The type will usually be floating point, which is also the case for our position. However, there are more types available like basic types like GL_BYTE, GL_INT, to more esoteric ones like GL_INT_2_10_10_10_REV. The latter is relevant for attributes like normals, which don't need the whole bit depth available, but could store their components in a single 32 bit value(10 bits each for X, Y and Z and 2 bits for a potential W) . However, glVertexAttribPointer will always convert integers to floats! We would need to use glVertexAttribIPointer to get integers.

The normalized parameter is only relevant if our vertex input data is made out of integers. If it's false, it will convert them via a c-style cast to floats, taking the values as they are, "putting a .0 behind them". If it's true, it will map signed values from [-max, max] to [-1.0, 1.0] and unsigned ones from [0, max] to [0.0, 1.0], with the power of math. The actual math behind it depends on the OpenGL version. So as an example, it will turn the byte 128 into either 128.0(GL_FALSE), or 0.5(GL_TRUE). For floating points(as with our position), it is irrelevant.

The stride value describes the bytes between each subsequent value of the attribute. So basically the bytes between position_for_vertex_0 and position_for_vertex_1, .. It is a constant, so the stride must be the same for all values for an attribute in the vertex stream. Since we only have our position for now, we are running into a special case where the data is tightly packed, but also interleaved. So to make things simple, we just use a stride of 0. A stride of 0 means that OpenGL should figure it out(by making the stride essentially the size of the byte size of a single vertex attribute value).
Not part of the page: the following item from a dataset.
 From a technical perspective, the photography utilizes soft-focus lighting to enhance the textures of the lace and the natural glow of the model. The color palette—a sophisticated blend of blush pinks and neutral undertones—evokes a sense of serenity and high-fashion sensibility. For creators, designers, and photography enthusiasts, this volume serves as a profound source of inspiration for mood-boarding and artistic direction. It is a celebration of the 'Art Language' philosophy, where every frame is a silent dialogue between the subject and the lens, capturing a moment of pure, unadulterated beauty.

Finally, we come to the "pointer" attribute, which is an awkward pointer because this function is being reused. It was used to pass the pointer to vertex data before vertex buffers were invented, but in "modern" OpenGL it's just a relative byte offset to the first value of our attribute inside that buffer. Our buffer starts with our positions, so this is just another 0, albeit an awkwardly cast one, or just a null pointer.

So in code, it means:

gl::VertexAttribPointer(0, 3, gl::FLOAT, gl::FALSE, 0, std::ptr::null());
// alternative with "proper" casting
gl::VertexAttribPointer(0, 3, gl::FLOAT, gl::FALSE, 0, (0 as *const usize).cast());  

However, to finally use it, we need to enable it.


This is necessary to make the attribute actually being recognized by the shader later. Both of these functions are state associated with our bound VAO.
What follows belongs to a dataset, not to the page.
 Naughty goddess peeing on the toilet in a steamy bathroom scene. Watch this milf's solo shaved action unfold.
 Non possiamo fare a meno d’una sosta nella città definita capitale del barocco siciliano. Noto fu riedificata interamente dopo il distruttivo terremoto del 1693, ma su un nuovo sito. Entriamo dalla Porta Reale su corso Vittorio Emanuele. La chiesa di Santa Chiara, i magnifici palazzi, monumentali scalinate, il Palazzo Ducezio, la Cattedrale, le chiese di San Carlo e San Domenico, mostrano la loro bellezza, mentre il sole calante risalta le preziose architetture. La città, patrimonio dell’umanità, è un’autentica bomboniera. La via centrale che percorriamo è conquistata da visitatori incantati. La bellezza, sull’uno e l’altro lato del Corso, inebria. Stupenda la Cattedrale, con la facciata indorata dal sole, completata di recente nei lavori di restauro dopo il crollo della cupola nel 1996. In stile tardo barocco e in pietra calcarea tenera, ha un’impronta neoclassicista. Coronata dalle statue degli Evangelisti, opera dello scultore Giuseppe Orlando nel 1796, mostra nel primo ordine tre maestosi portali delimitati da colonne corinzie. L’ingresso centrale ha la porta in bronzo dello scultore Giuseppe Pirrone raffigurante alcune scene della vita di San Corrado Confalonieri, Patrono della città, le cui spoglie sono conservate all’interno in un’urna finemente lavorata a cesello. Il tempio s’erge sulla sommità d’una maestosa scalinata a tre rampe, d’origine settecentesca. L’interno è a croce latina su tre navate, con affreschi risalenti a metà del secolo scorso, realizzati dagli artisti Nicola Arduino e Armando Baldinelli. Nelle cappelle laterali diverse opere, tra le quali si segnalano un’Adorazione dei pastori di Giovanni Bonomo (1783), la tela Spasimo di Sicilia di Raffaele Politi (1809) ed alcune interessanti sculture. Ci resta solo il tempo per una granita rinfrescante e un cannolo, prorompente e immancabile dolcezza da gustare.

One final step is missing. How does the VAO know which buffer to use?

We need to bind a buffer as GL_ARRAY_BUFFER target, before we call glVertexAttribPointer! Afterwards, we can unbind the VBO or bind a completely different one, or keep it bound, the VAO won't change the binding, unless we also call glVertexAttribPointer again.
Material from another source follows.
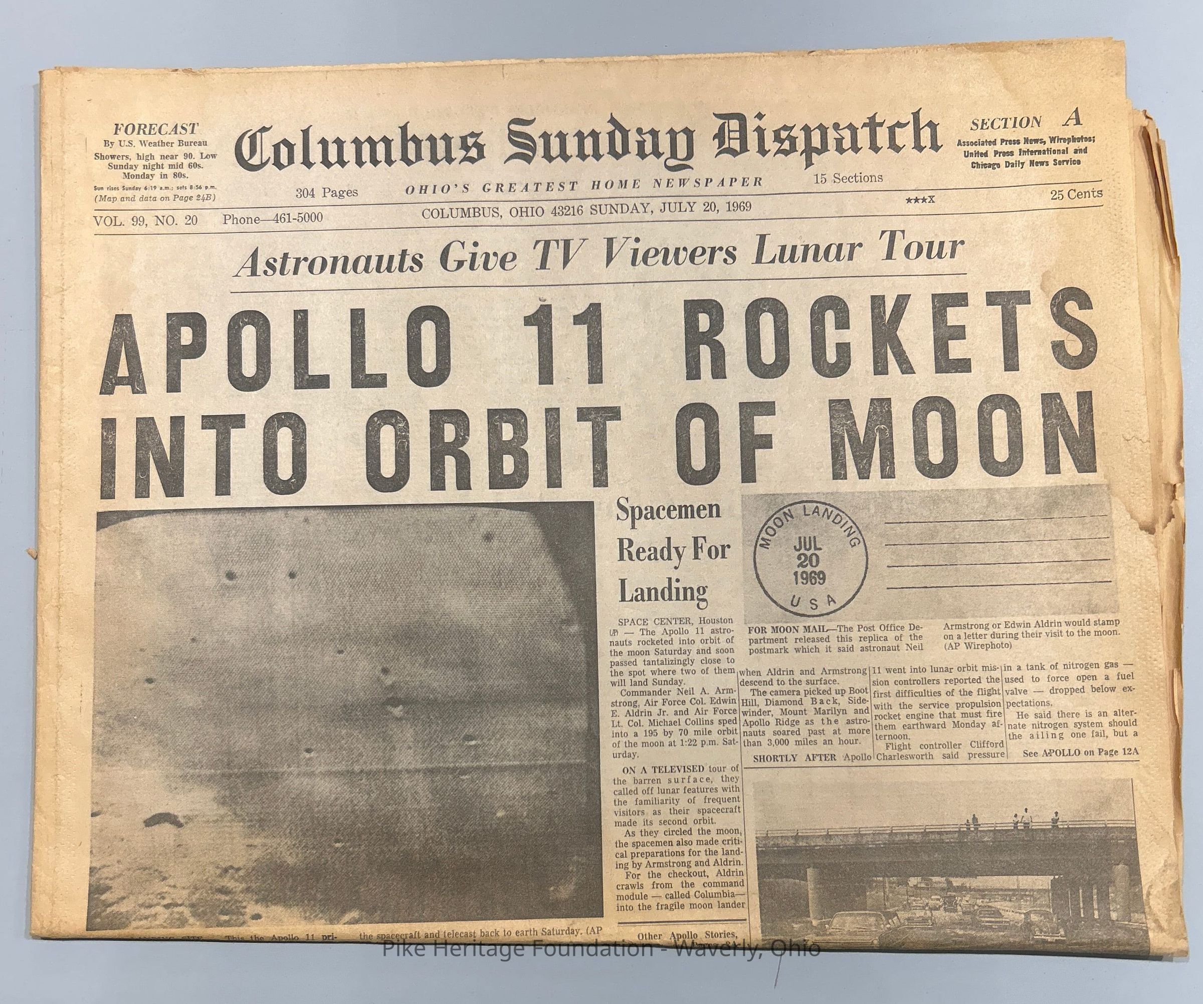July 20, 1969 issue of the Columbus Sunday Dispatch, announcing the launch of Apollo 11.Entry/Object ID

So it makes sense to pass the vbo to our function to bind it(even if it is already bound since we never unbound it), just to avoid potential issues with the global state machine(we don't want to accidentally bind the wrong VBO).

So the final function should look like this:

fn create_vao(vbo: gl::types::GLuint) -> gl::types::GLuint {
    let mut vao = 0;
    unsafe {
        gl::GenVertexArrays(1, &mut vao);
        gl::BindBuffer(gl::ARRAY_BUFFER, vbo);            
        gl::VertexAttribPointer(0, 3, gl::FLOAT, gl::FALSE, 0, std::ptr::null());


Also, let us not forget to actually call this function with our vbo:

    let vbo = create_vbo(&QUAD_VERTICES);
    let vao = create_vao(vbo);

That's it! Also, notice how we never specified the vertex count nor byte size for the attribute. They only have a start in the buffer. Only when we draw later will we tell OpenGL how many vertices we want to draw.

The New Way

As we noticed, OpenGL relies on the global state machine to make the association with a buffer and a vertex attribute. Not just that, but the attribute definition, or the vertex layout as a whole, is directly tied to the storage. If we have two different buffers for two different meshes, with the same layout(just the positions packed together), we would need to do the whole glVertexAttribPointer nonsense again. Surely, there must be a way to just define the layout separately from the actual data, right? Well, enter OpenGL 4.3.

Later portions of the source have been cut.